RNAi Also Conquers the Central Nervous System

In the span of a day, RNAi Therapeutics have gone from a mechanism widely viewed as being constrained to the liver only, to a major therapeutic modality for many targets and indications in a variety of tissues.  Due to the demonstrations in the liver, lung (yesterday), and today the central nervous system to potently and specifically knock down genes with infrequent dosing, RNAi will play a prominent role in today’s precision medicine-oriented drug development.

Employing C16 lipid-conjugated, chemically stabilized RNAi triggers, Alnylam and their partner in CNS drug development Regeneron achieved 84-90% maximal target gene knockdown with knockdown persisting at >70% for at least 3 months after a single dose.

Since chemical stability has been key to the successes in the lung, CNS, and also liver, it seems very likely that similar breakthroughs will be achievable for muscle, kidney, adipose tissues, and (in the words of Alnylam's President) 'even tumors' that Alnylam and Arrowhead are working on.

The initial target in the phase I study of ALN-APP was amyloid beta precursor protein (APP). Unlike the armada of antibodies that have targeted every known aggregation form of abeta for the treatment of Alzheimer’s, ALN-APP reduces them all and before they are even made thereby offering a unique angle to this important target.  An even more exciting near-term application of ALN-APP in my opinion is for cerebral amyloid angiopathy (CAA) where abeta accumulation near blood vessels can lead to intracerebral hemorrhage.  Studies with antibodies in Alzheimer’s have actually led to fatal damage to those very intracerebral blood vessels by causing local inflammation, and thereby make them a bad choice for CAA.

Beyond abeta and tau for Alzheimer’s, the CNS in particular abounds with otherwise difficult-to-drug important targets for diseases like Parkinson’s, Huntington’s, ALS, spinocerebellar ataxias for which RNAi is ideally suited.

The prolonged and robust knockdown observed is significantly better than what has been observed for previous RNaseH antisense candidates such as against SOD1 and tau (~50% target gene lowerings).  Safety also appears to be superior to the broadly phosphorothioated antisense molecules with no changes in neuronal markers of damage and inflammation seen with ALN-APP compared to placebo.

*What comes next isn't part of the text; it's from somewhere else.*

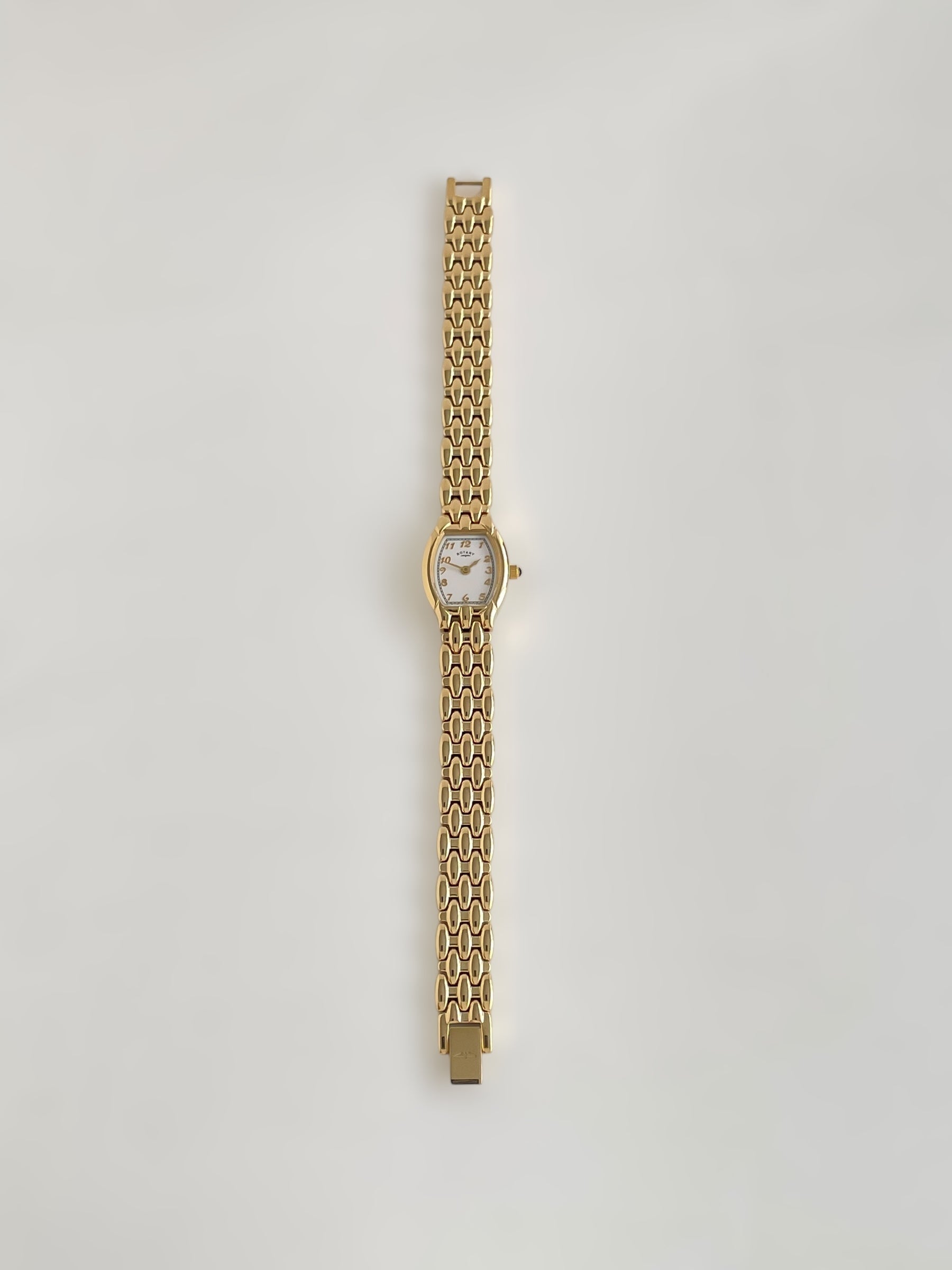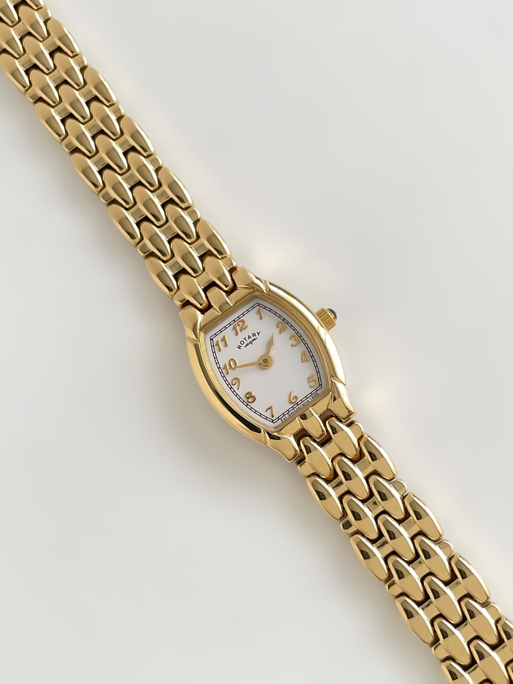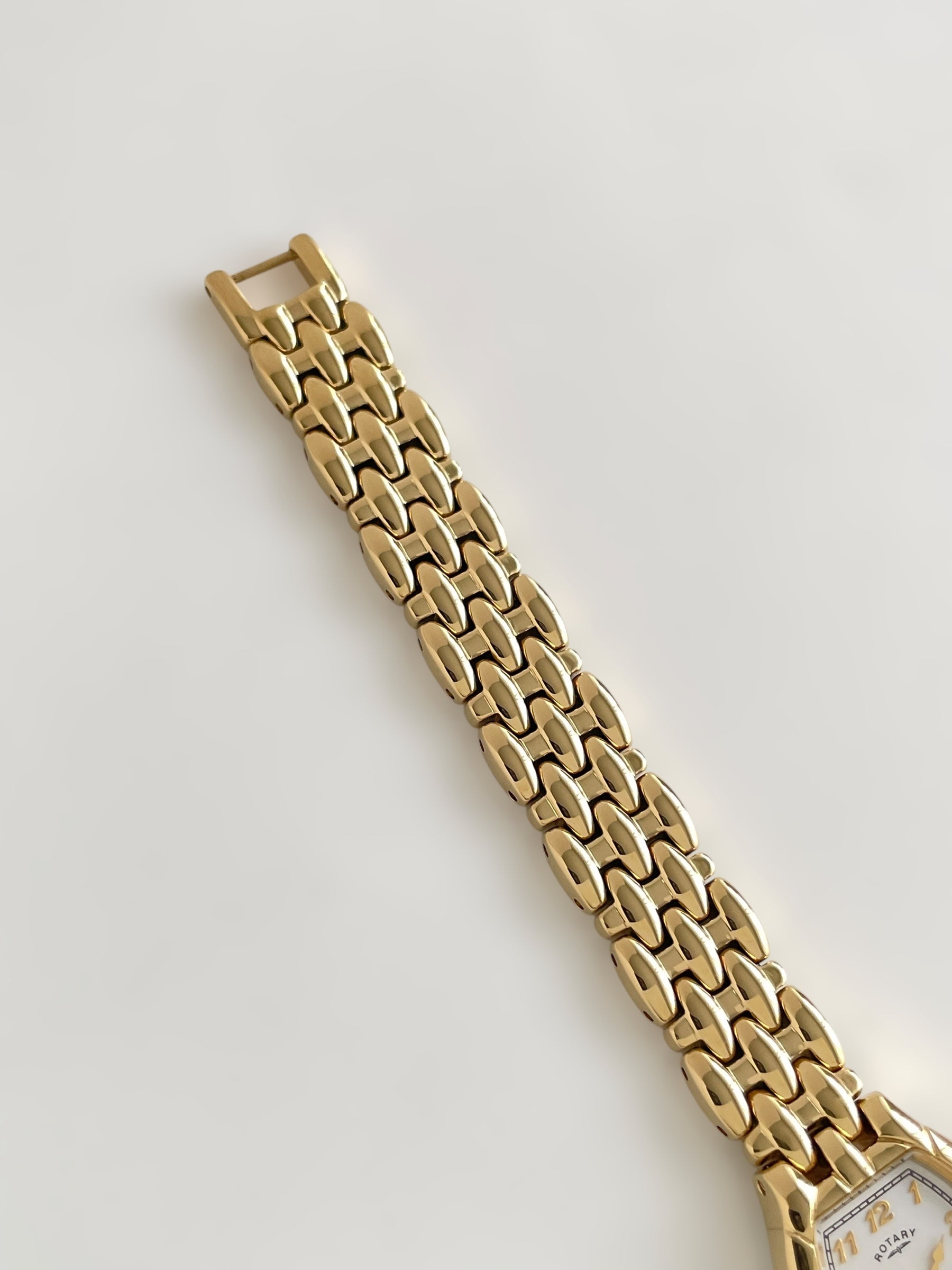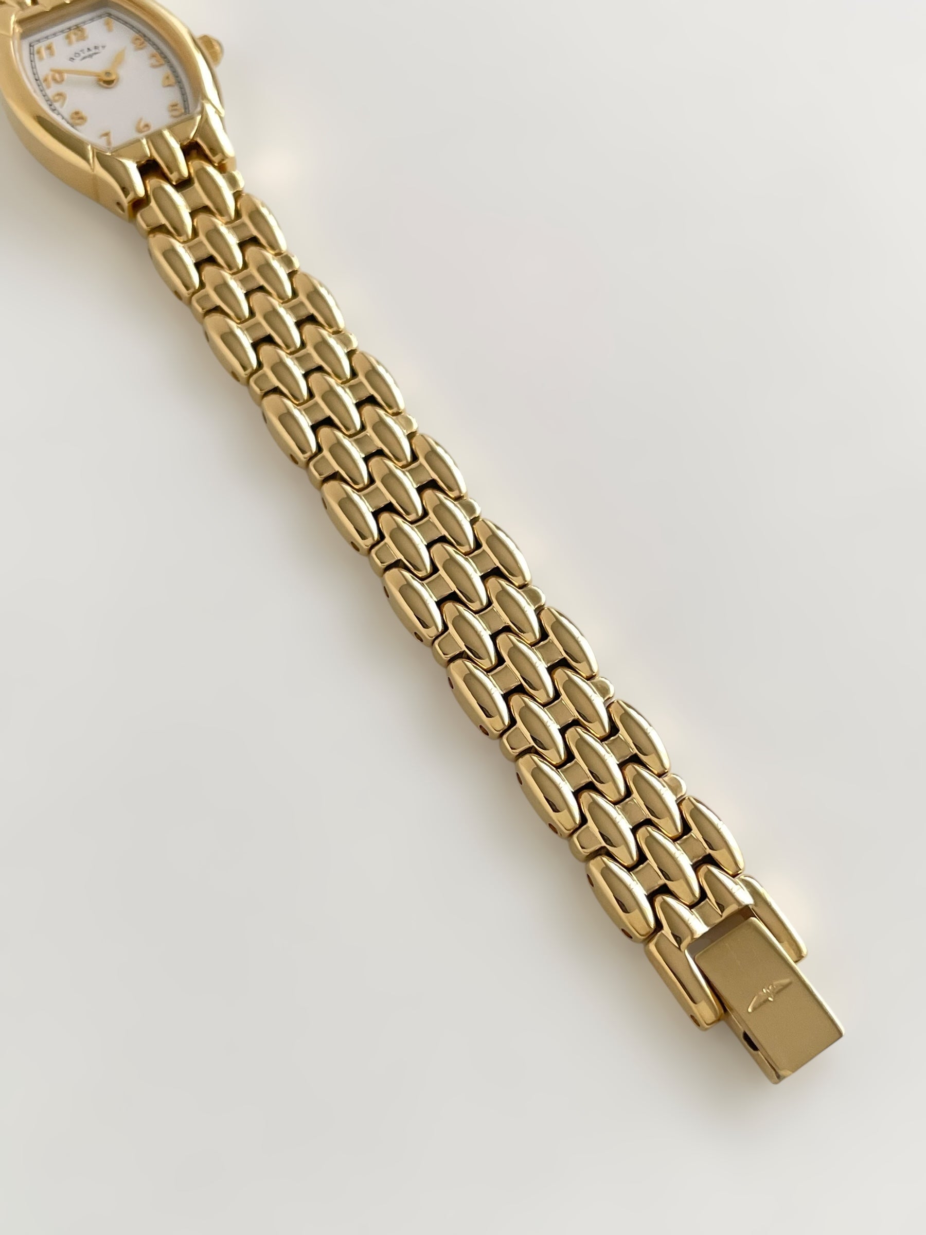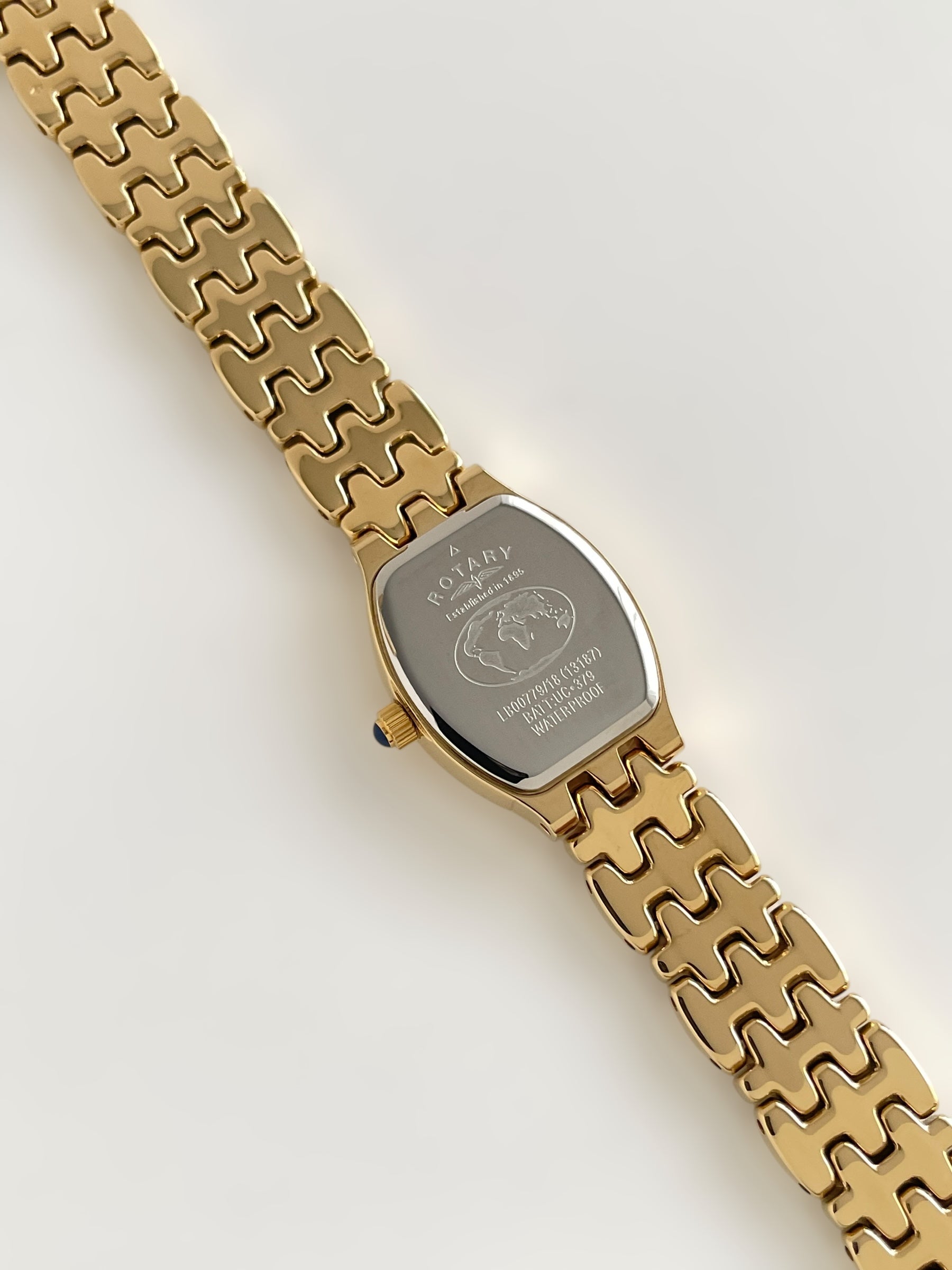 Gorgeous vintage and gold plated Rotary watch with a beautiful bracelet design and a unique case. Bracelet clasp closure.
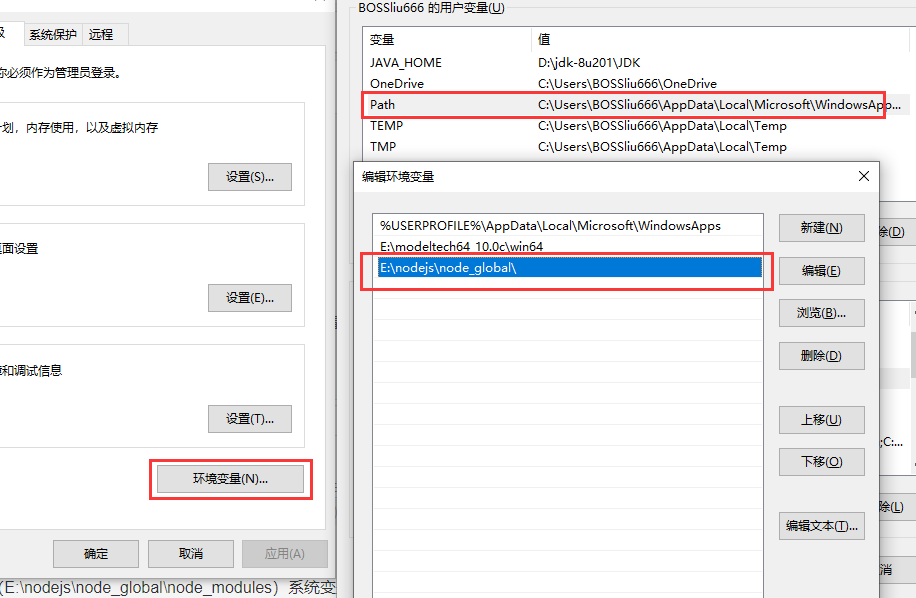 (2)添加用户变量path(E:\nodejs\node_global\)

The US FDA though slapped a clinical hold on the multi-dose part of the trial based on findings in standard preclinical animal tox studies at doses well above what will be needed in the clinic.  The single dose exploration study, however, has been allowed to continue, and Canada has already allowed the multi-dose part to go ahead.  It therefore seems highly unlikely that the findings could derail ALN-APP or even this technology approach at this point.

With the recent news, the pharmaceutical landscape has changed and Big Pharmaceutical companies will have to think hard whether not having a stake in RNAi as a platform is viable.  The achievement is also one of delivery and stabilization chemistry which can be more broadly applied to other oligonucleotide therapeutics modalities in the CNS.